One is that people obtain Tor from a regular website, which is only guaranteed to be secure via SSL. So there's a bootstrapping problem.
Another problem is that on Tor, addresses are meaningless so it's easy to MITM people with phishing attacks. Silk Road tried to solve this by brute forcing an onion key with their name in it but phishing was still pretty common. Also the Tor developers are considering a new hidden service protocol that would make the onion addresses a lot longer, at which point brute forcing a prefix would not achieve much beyond requiring phishers to match the brute force because the suffix would be un-memorisable.
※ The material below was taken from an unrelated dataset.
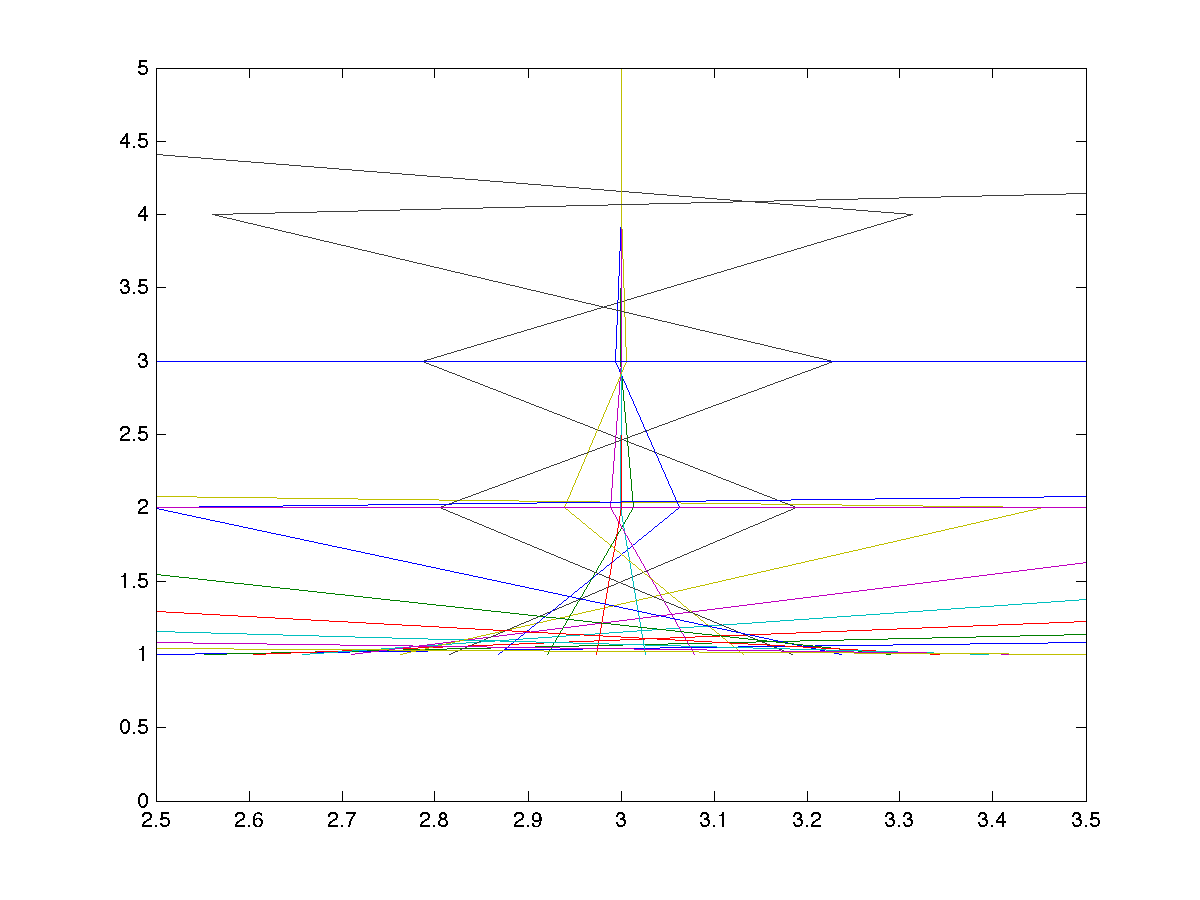 axis([2.5 3.5 0 5])X(I)是一个开始值的列表--收敛到根,图中显示y轴上的迭代数,以及在x轴上对该迭代的猜测。您可以跟踪每个起始值并查看发生了什么。

The problem of binding a human understandable and memorisable name to a public key is what certificate authorities are for. Tor doesn't solve that problem or even try: it just assumes you have a way to obtain the public key (onion address) for the website in a secure manner and punts on the whole issue of how that happens. Silk Road had a key hash that was short enough that you might be able to tell it to someone using your voice and have them remember it, or you could write it down, but that's certainly not any guarantee - Zooko's triangle posits that you can have an identifier that's secure, or memorable, but not both.
There's also some other more practical issues: one is that websites aren't going to migrate to Tor just to avoid certificate authorities, so the payment protocol has to work with the regular internet, which means X.509.
Another is that Tor is more centralised than the certificate authorities are: there are only seven directory authorities, and Tor is largely funded by the US government. There are about 100 independent CAs spread around the world and they're funded by their users.